Bet on it: Gov. Lamont and Mohegan Sun reach deal on sports betting, Foxwoods nears agreement
Gov. Ned Lamont and Mohegan Sun have finally reached a deal on sports betting in Connecticut after years - and Foxwoods may be close behind.
While sports betting has brought millions to states like New Jersey, Connecticut has sat on the bench - sidelined because the state and its two casinos couldn't reach a deal.
At a hearing Tuesday, Lamont's team dropped a bombshell - they have a deal.
Foxwoods and Mohegan Sun casinos will be able to offer sports betting. The Connecticut Lottery could also open 15 retail sites, including two new venues in Bridgeport and Hartford.
The state's cut is almost 14% for sports wagers and 20% for online games. Sports betting could start as early as this summer pending federal approval.
Mohegan Sun has already agreed to the terms. Foxwoods is still haggling over the state's cut of revenues, but both sides say they're "inches" away.
Mashantucket Pequot Tribal Chair Rodney Butler says in a statement, "After months of closed-door negotiations, it's offensive that Governor Lamont would announce an agreement with only one of the two Tribal Nations that have been a party to the negotiations, despite full knowledge that both sovereign Nations are needed to implement any agreement. We have participated in these discussions in good faith and consider today’s events extremely disrespectful in terms of process and substance. Now that the Governor Lamont has laid bare the confidential terms of our negotiations, you can see the significant and substantial concessions made by both Tribes. Just permitting Lottery to participate in full sports betting, absent tax or revenue share, is a major allowance. We have one remaining point of contention that is easily resolved if some sense of mutual respect is afforded for the specific needs of our tribal community. We remain open to discussions and hope this is resolved quickly for the benefit of the entire state of Connecticut.”
There's also something for off-track betting sites like Bobby V's in Stamford. They could sub-license sports betting from the lottery.

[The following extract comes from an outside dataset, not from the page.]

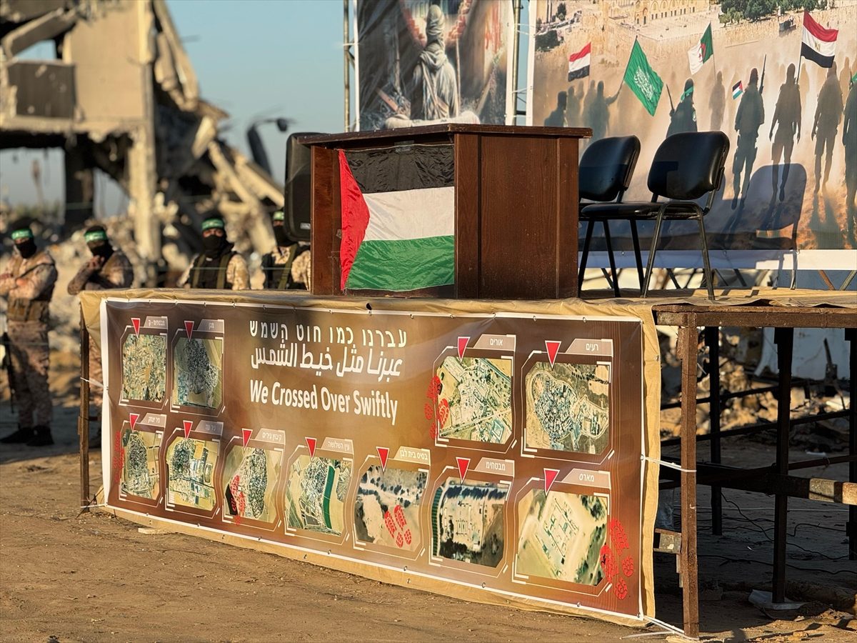 وكان لافتاً في عملية تسليم الدفعة السادسة، وضع ملصقات في أسفل المنصة، وتعليق “عبرنا مثل خيط الشمس” في إشارة إلى هجوم “طوفان الأقصى” الذي بدأ مع شروق الشمس في 7 أكتوبر/تشرين الأول 2023.

Sportech, the company that runs off-track betting in Connecticut, released a statement saying: "One year ago, Governor Lamont stated he would seek a fair resolution regarding gaming expansion involving existing gaming operators that 'must be designed to avoid and withstand endless legal challenges.' Regretfully, the Governor’s announcement this afternoon, that principally excludes Sportech from expanded gaming, leaves us with little option but to pursue legal recourse on behalf of our 400 Connecticut employees."
State lawmakers also have to agree to the deal.